◆ Stored data ◆
◇ ◇ ◇ ◇ ◇

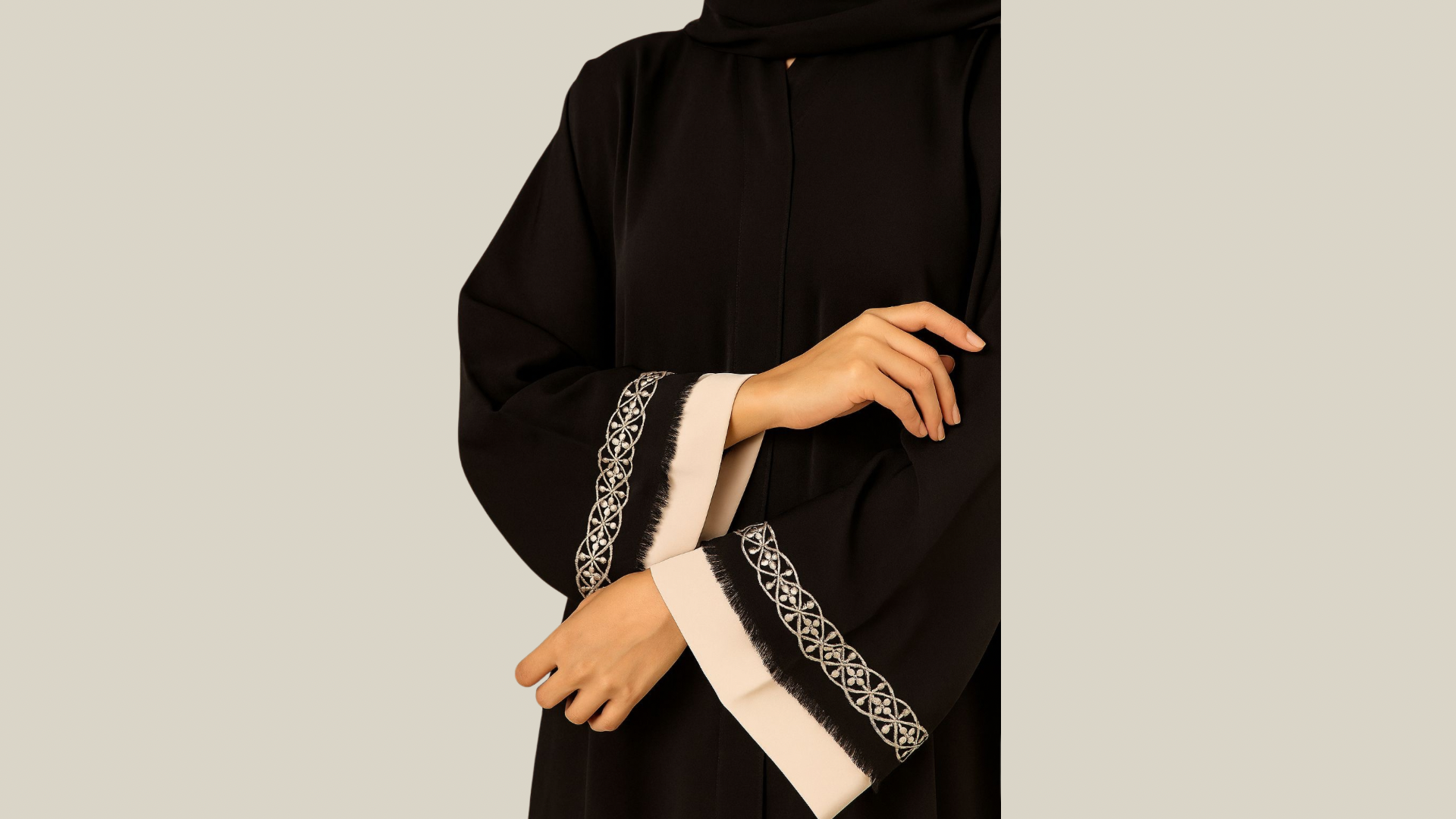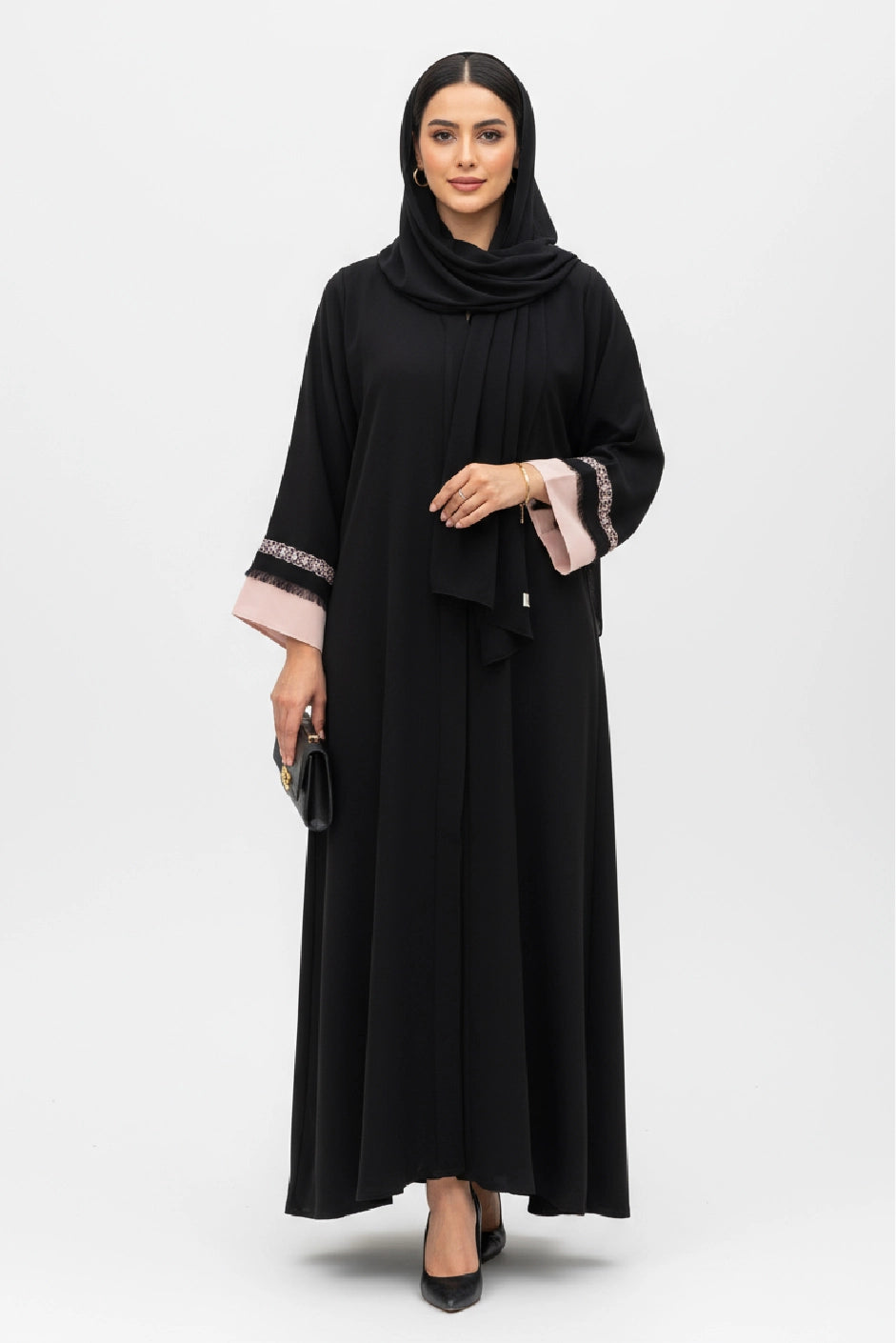 A timeless black abaya elevated with beige satin cuffs and delicate embellished trim.
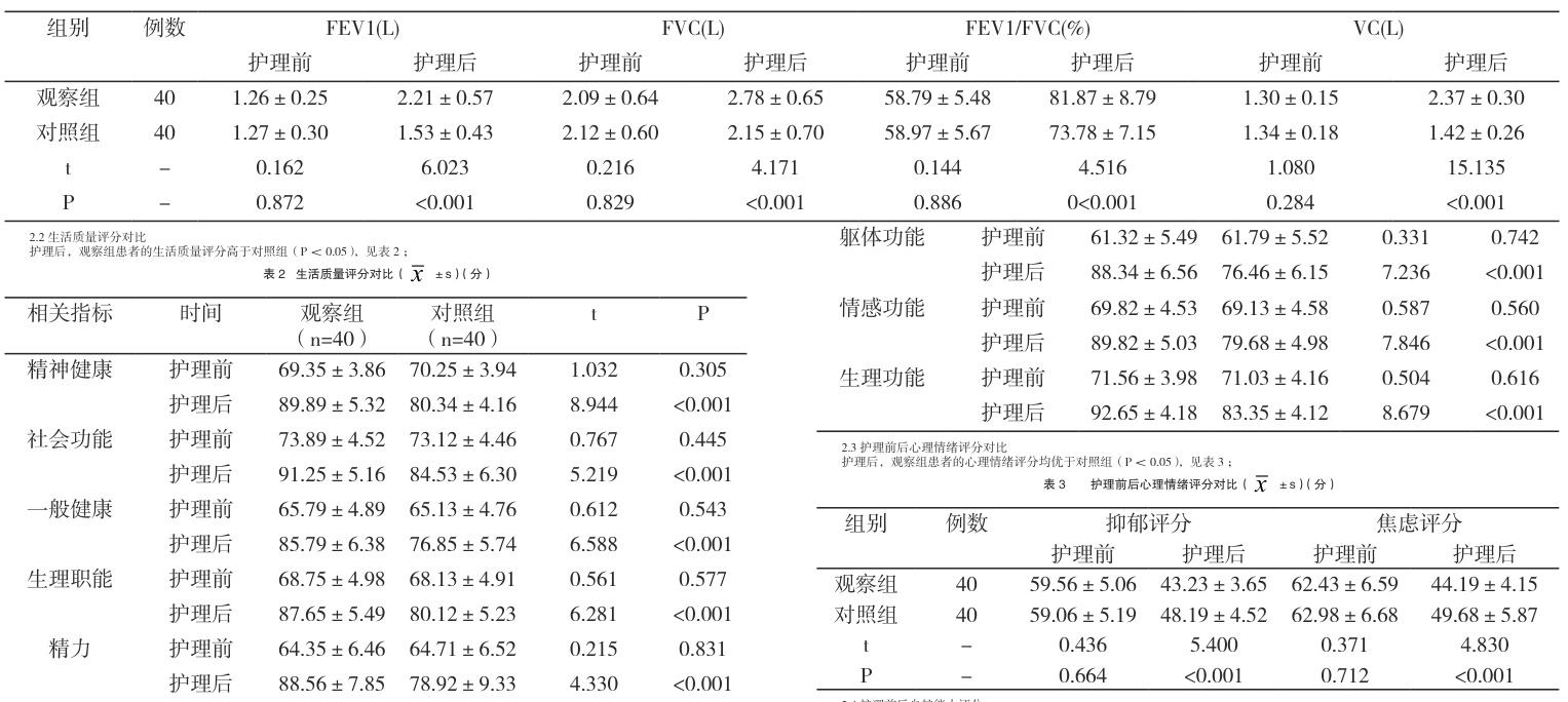 护理后,观察组患者肺功能指标均优于对照组 (P<0.05 ),见表1 ;
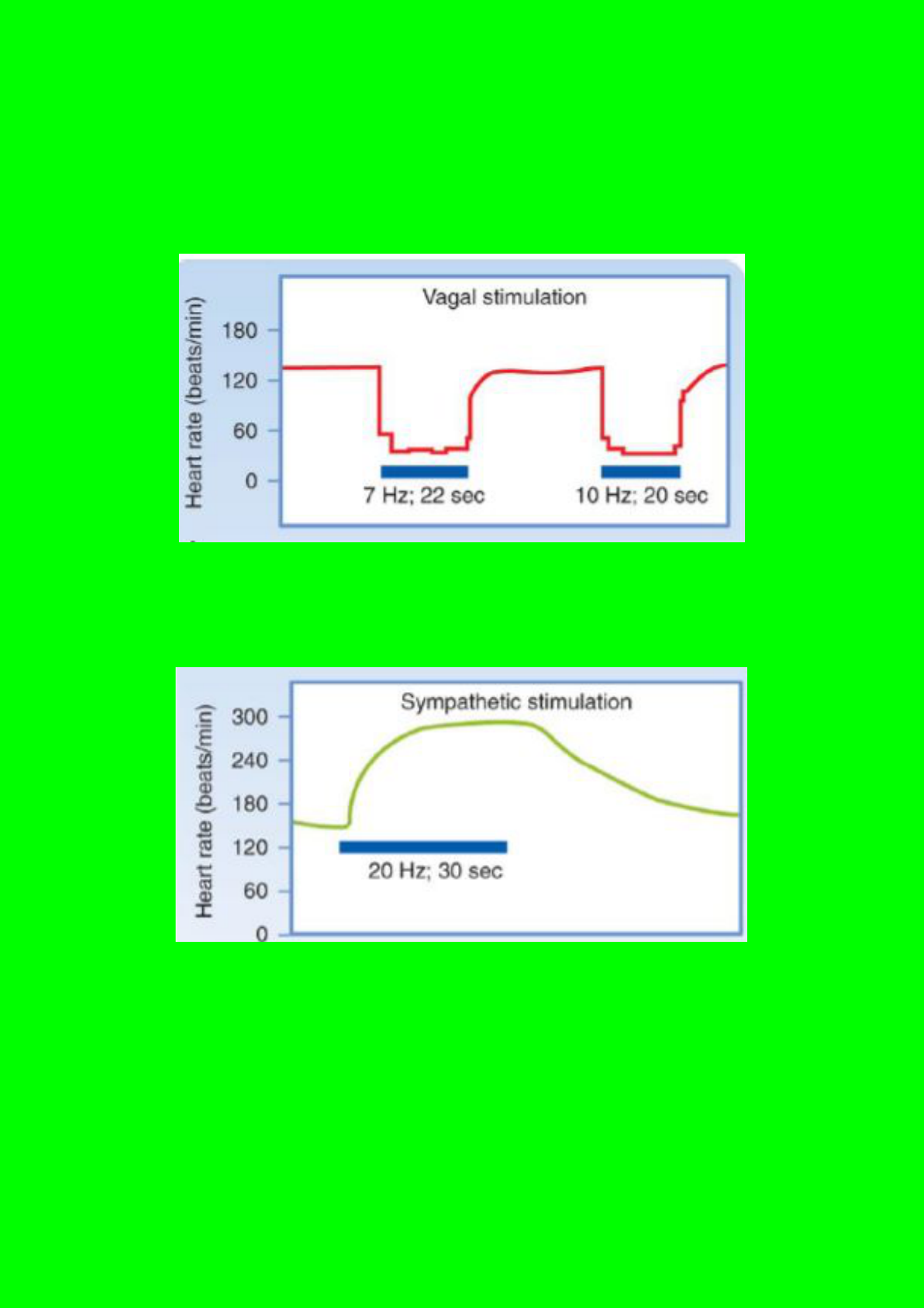 O simpático e o parassimpático controlam bem tanto a frequência, quanto a força de contração. Na estimulação parassimpática, a frequência do sujeito caí de uma maneira bem rápida e quando o estímulo é cessado, a frequência cardíaca volta rapidamente ao normal. Diferentemente do parassimpático, a estimulação simpática faz com que a frequência aumente de uma maneira mais lenta e, devido a cessação do estímulo, a frequência cai de uma maneira lenta também. Ou seja, nós temos uma diferença na resposta ao estímulo simpático e parassimpático, em termos de velocidade. A diferença está na sinapse do simpático e do parassimpático. Quando o estímulo vagal é cessado, a acetilcolina que fica na fenda sináptica é degradada; e como não têm mais acetilcolina, a frequência volta ao normal. Já a noradrenalina que é liberada mediante um estímulo simpático, quando é cessado o estímulo, a noradrenalina que está na fenda sináptica continua estimulando. Por que a frequência no parassimpático cai rapidamente, enquanto que o estímulo simpático possui uma resposta lenta? A subunidade vai direto para um dos canais de potássio (não depende de segundo γβ mensageiro, como o estímulo adrenérgico). Além disso, nós temos canais de potássio que são ligante-dependentes (receptores da acetilcolina, o que a noradrenalina não têm). Por isso que a resposta é muito mais rápida no estímulo parassimpático do que no simpático. A primeira conclusão é que a modulação colinérgica é mais rápida (sensível) na alteração da frequência cardíaca. Como é o tônus dessa atividade autonômica no coração (atividade basal da atividade simpática e parassimpática)? Então, conseguimos modular a frequência tanto para mais quanto para menos ajustando só o simpático ou só o parassimpático. (por exemplo, se tirarmos o simpático, a frequência vai cair). O que acontece se tirarmos o simpático e o parassimpático? A frequência intrínseca é a frequência de disparo do nodo sinoatrial independente da modulação autonômica. Se pegarmos um indivíduo com a frequência de 60 bpm, e damos para ele um bloqueador muscarínico (atropina) e logo depois um beta bloqueador (propranolol). Portanto, com esse experimento, chegaremos a frequência intrínseca. Percebemos que a frequência intrínseca é maior que a frequência fisiológica. Também podemos fazer o inverso: dar propranolol e em seguida atropina: chegaremos a mesma frequência intrínseca. Como a frequência intrínseca é maior que a fisiológica, chegamos a conclusão que o parassimpático têm maior atividade. O parassimpático permite fazemos ajustes mais rápido, devido a suas características fisiológicas. Iremos citar exemplos em que o SNA regula a frequência cardíaca no dia-a-dia. Barorreflexo é um mecanismo de estabilização da pressão arterial. Pressão arterial = débito cardíaco x resistência periférica total O barorreflexo faz assim: se uma variável aumenta ou diminui, o barorreflexo faz com que as outras variáveis sejam aumentadas ou diminuídas. O aumento da pressão arterial causa a diminuição da frequência cardíaca. Diminuiu a pressão, a resposta é aumento da frequência. Se aumenta a pressão arterial, a atividade vagal aumenta e a simpática diminui. O reflexo de bainbridge acontece em situações patológicas. Ele faz uma correção na frequência cardíaca em decorrência da volemia (aumento do retorno venoso). Quando a parede do átrio direito se estira, receptores de estiramento percebem o aumento do volume, fazendo com que atividade simpática aumente e a parassimpática diminua. Quando aumenta o volume e o retorno venoso, o volume sistólico aumenta e também o débito, fazendo a pressão aumentar. A modulação do barorreflexo junto com o reflexo de bainbridge nos dá a frequência cardíaca. Se tivermos uma hemorragia (hipovolemia), o barorreflexo vai aumentar a pressão. A frequência cardíaca é determinada pelo intervalo RR, ou seja, a medida que aumenta o intervalo RR, a frequência diminui e a recíproca é verdadeira. Nós temos uma arritmia fisiológica. Quando extrapola o limite, temos uma arritmia patológica. Quais fatores causam a flutuação do intervalo RR: a própria respiração. Quando a gente está inspirando, temos aumento da atividade simpática. Quando a gente expira, temos aumento da atividade parassimpática. Então, durante o nosso ciclo inspiratório a tendência é que o intervalo RR diminua. A medida que fazemos a expiração, a tendência é que o intervalo RR aumente. O indivíduo com insuficiência respiratória e hipoxemia chegará no pronto-socorro com uma taquicardia. Temos dois principais controladores da respiração que são os quimioceptores periféricos(sensíveis a variações de oxigênio, mais especificamente eles são ativados quando temos redução de oxigênio), que estão no arco aórtico e seio carotídeo e os que estão no tronco cerebral, que são os quimiorreceptores centrais(são mais sensíveis ao CO2 e hidrogênio). Quando os quimiorreceptores centrais e periféricos são ativados, há um aumento da frequência respiratória. Os quimiorreceptores periféricos fazem projeções para o núcleo do nervo vago e quando ativados (por hipoxemia), ativam o nervo vago. Eles vão produzir dois efeitos no indivíduo: primeiro o indivíduo vai ter um aumento do esforço respiratório, além de ter taquipnéia (aumento da frequência respiratória), fazendo os níveis de CO2 abaixarem, provocando uma hipocapnia, que junto ao aumento do esforço respiratório vai inibir o nervo vago, fazendo a frequência cardíaca aumentar. O fator emocional ativa o simpático. Na hipoxemia, há aumento da frequência respiratória para melhorar a oxigenação, agora, se temos que aumentar o trabalho respiratório para melhorar a oxigenação; mais CO2 também é trocado, provocando a hipocapnia. O volume sistólico é determinado por 4 g

◇ ◇ ◇ ◇ ◇

◆ Directions for this task ◆
Transcribe exactly, with no pictures, the lines running from the first line of the material through the line holding "护理后,观察组患者肺功能指标均优于对照组 (P<0.05 ),见表1 ;".

◆ Answer ◆
 A timeless black abaya elevated with beige satin cuffs and delicate embellished trim.
 护理后,观察组患者肺功能指标均优于对照组 (P<0.05 ),见表1 ;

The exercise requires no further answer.